→ What the task requires: With pictures excluded, repeat exactly the lines from the one containing "This image features" through the last line of the material below.

→ Available data:
┌──

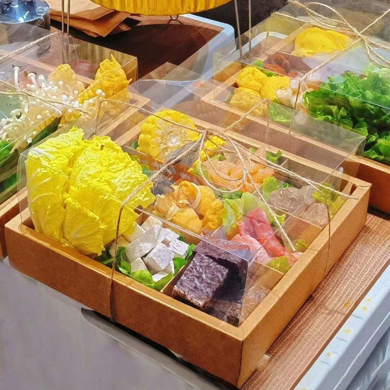 Enhance your bakery's presentation with our Pastry Box with Clear Lid. These versatile boxes are perfect for displaying and storing your favourite pastries, cakes, and other baked goods. Made from eco-friendly kraft paper, these containers are sturdy and durable, ensuring your baked treats stay fresh and secure. The clear lid provides easy visibility of the contents, making them ideal for showcasing your creations. Each box is designed with a compact and elegant appearance, perfect for any bakery or personal use. These Pastry Boxes with Clear Lids offer both functionality and style, making them a must-have for any baking enthusiast.
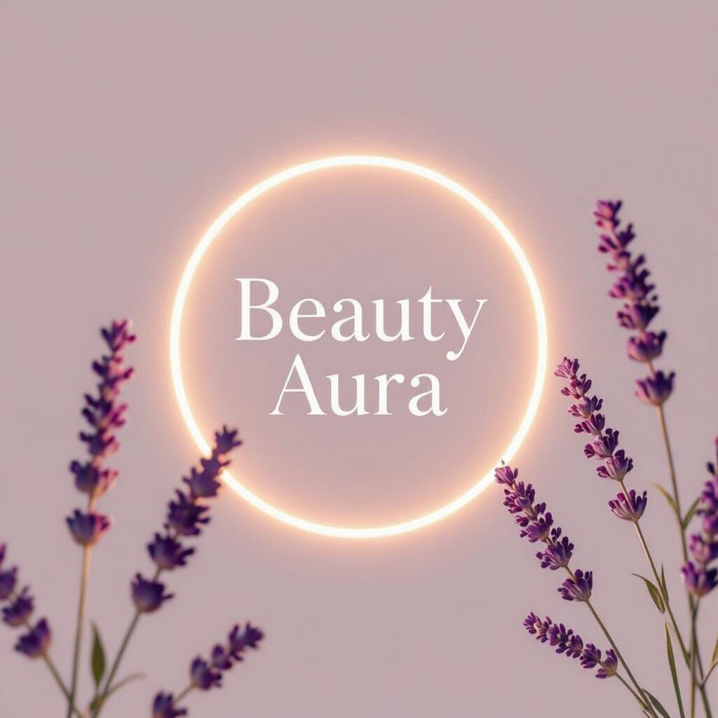 This image features a minimalist profile picture for 'Beauty Aura' with a calm wellness theme. Soft pastel colors and a subtle glowing aura create a clean, modern, and visually appealing design.
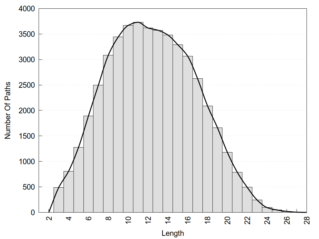 histograms of path distribution according to several parameters

└──

→ Result of the exercise:
 This image features a minimalist profile picture for 'Beauty Aura' with a calm wellness theme. Soft pastel colors and a subtle glowing aura create a clean, modern, and visually appealing design.
 histograms of path distribution according to several parameters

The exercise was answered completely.